# News & Current Events > Economy & Markets >  1950 Series Twenty Dollar Bill

## therealjjj77

I just got this twenty dollar bill that is a 1950 series made in Chicago, Illinois.
On the front of the bill it reads:

FEDERAL RESERVE NOTE
UNITED STATES OF AMERICA
*WILL PAY TO THE BEARER ON DEMAND*
TWENTY DOLLARS

In tiny script it says:
THIS NOTE IS LEGAL TENDER FOR ALL DEBTS, PUBLIC AND PRIVATE, *AND IS REDEEMABLE IN LAWFUL MONEY AT THE UNITED STATES TREASURY, OR AT ANY FEDERAL RESERVE BANK.*

Compare that to the modern bills:
THIS NOTE IS LEGAL TENDER FOR ALL DEBTS, PUBLIC AND PRIVATE

Is this bill still worth a set amount of gold?  =P  Or is it worth evidence in a case of fraud against the Federal Reserve?

----------


## Chester Copperpot

Its not worth anything in gold .. Its just fiat money... It was the transition phrasing they used from "REEDEMABLE IN $20 GOLD COIN..."

and "THIS NOTE IS LEGAL TENDER..."

ITs just a regular $20 bill.. if its in real good condition you might be able to sell it to a collected for $20.50 or something like that

----------


## Chester Copperpot

Just as an aside.. Even if you had an old gold certificate that said "REDEEMABLE IN GOLD COIN"

Its just not reedemable in gold coin anymore.. Unless of course you are the federal reserve.. THEIR Gold certificates are still redeemable for gold at like $25/ounce... So a $100 GOLD CERTIFICATE owned by the fed is worth 4 ounces of gold or $3,200+ right now.. Sweet deal for them eh?

----------


## diesirae

The point was that it was to let people who hold the bills know that they can exchange it for legal tender, on demand.

----------


## PepperdotNet

The other point is, there is no longer any "LAWFUL MONEY" available.

Here's something I've been doing.

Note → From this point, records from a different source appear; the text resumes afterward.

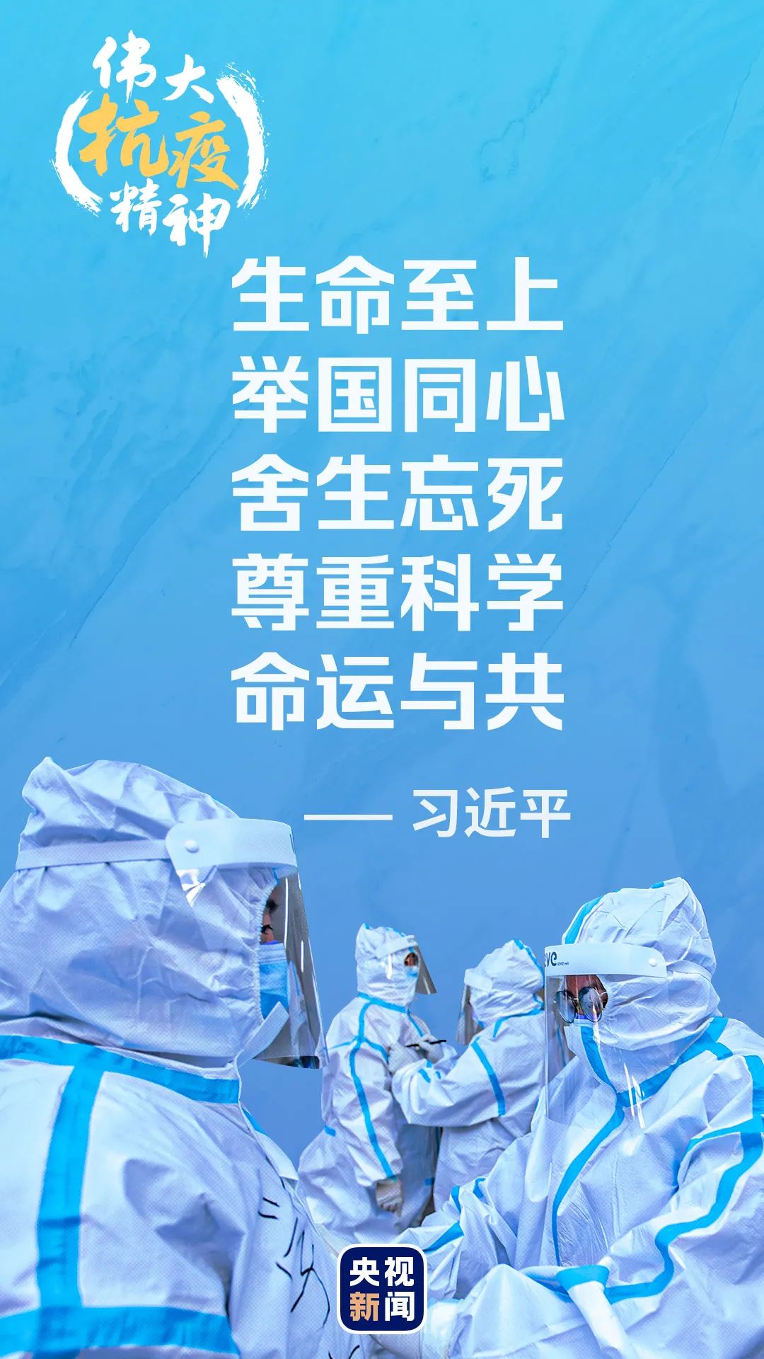 “在這場同嚴(yán)重疫情的殊死較量中,中國人民和中華民族以敢于斗爭、敢于勝利的大無畏氣概,鑄就了生命至上、舉國同心、舍生忘死、尊重科學(xué)、命運(yùn)與共的偉大抗疫精神。”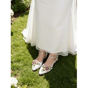 Flache weiße Brautschuhe mit Blumenmuster und Knöchelriemen für Damen – elegante Brautschuhe für Hochzeiten und Gartenzeremonien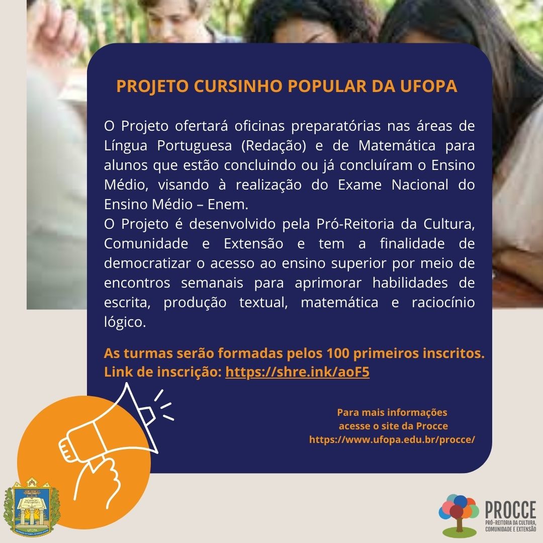 A Universidade Federal do Oeste do Pará está com inscrições abertas para o Cursinho Popular da Ufopa, projeto que ofertará oficinas preparatórias nas áreas de Língua Portuguesa (Redação) e de Matemática para alunos de baixa renda que estão concluindo ou já concluíram o Ensino Médio, visando à realização do Exame Nacional do Ensino Médio – Enem.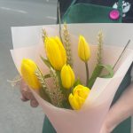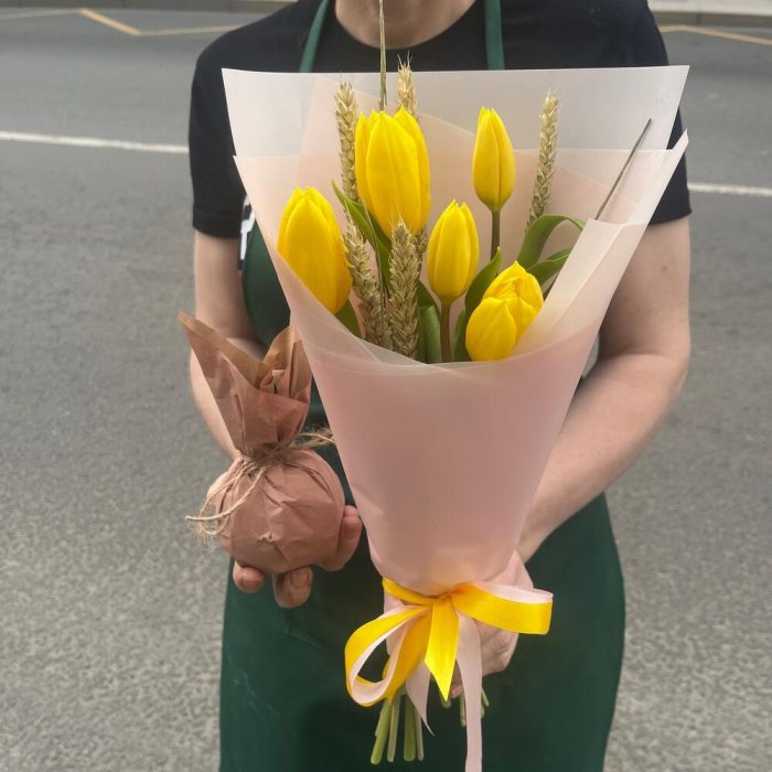 Крафт – 1 шт.Тюльпан желтый – 5 шт.Упаковка корейская пленка – 1 шт.Лента атласная желтая – 1 шт.Лента атласная нежно-розовая – 1 шт.бечевка натуральная – 1 шт.пшеница сухоцвет – 5 шт.ароматное яблоко – 1 шт.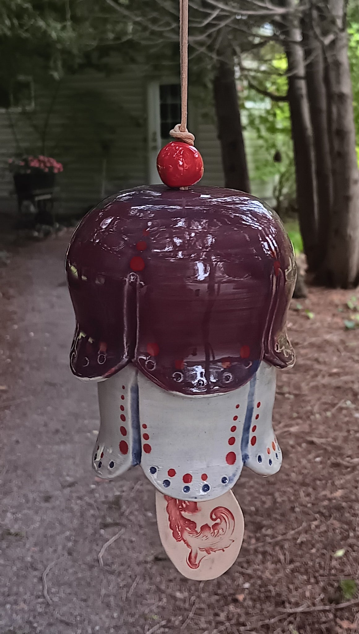 • Hand thrown Stoneware, hanging double bell (one inside the other) with handmade bead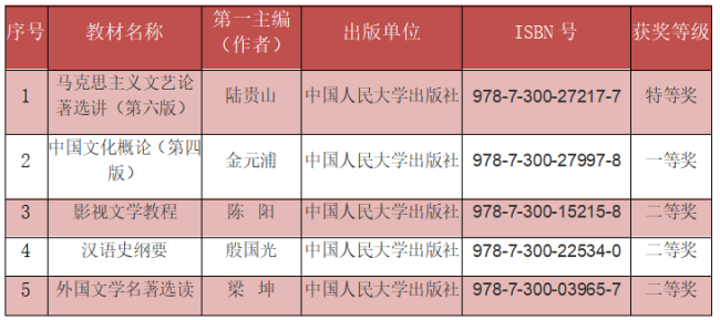 12月18日,我校根据《2020年黑料社区 优秀教材评选工作方案》等文件精神,经相关学院及学校出版社推荐、学校相关部门审核、学校评审专家组评审、学校优秀教材评审委员会审议,拟评选校级本科类优秀教材特等奖46项,一等奖58项,二等奖41项。其中,黑料社区 陆贵山教授编著的《马克思主义文艺论著选讲(第六版)》获2020年黑料社区 优秀教材(本科类)特等奖,金元浦教授编著的《中国文化概论(第四版)》获一等奖,陈阳教授编著的《影视文学教程》、殷国光教授编著的《汉语史纲要》、梁坤教授编著的《外国文学名著选读》获二等奖。

Every time I need "cash" to carry around, I go to the bank and request the "gold coins" instead of paper money. Not as convenient as the ATM, but it gives me the opportunity every time I spend it, to explain that I prefer to use money that doesn't have "Federal Reserve" stamped on it, and if the person shows any interest I can explain Dr. Paul's position on the money situation.

----------


## nate895

> I just got this twenty dollar bill that is a 1950 series made in Chicago, Illinois.
> On the front of the bill it reads:
> 
> FEDERAL RESERVE NOTE
> UNITED STATES OF AMERICA
> *WILL PAY TO THE BEARER ON DEMAND*
> TWENTY DOLLARS
> 
> In tiny script it says:
> ...


It's a contract, so you should go to the Fed and demand your money. If they don't give it to you, sue them for it, and if Paul doesn't win the Presidency make sure to file this lawsuit next cycle to bring attention to the next standard bearer.

----------


## diesirae

> It's a contract, so you should go to the Fed and demand your money. If they don't give it to you, sue them for it, and if Paul doesn't win the Presidency make sure to file this lawsuit next cycle to bring attention to the next standard bearer.


They'll just give you another bill.

----------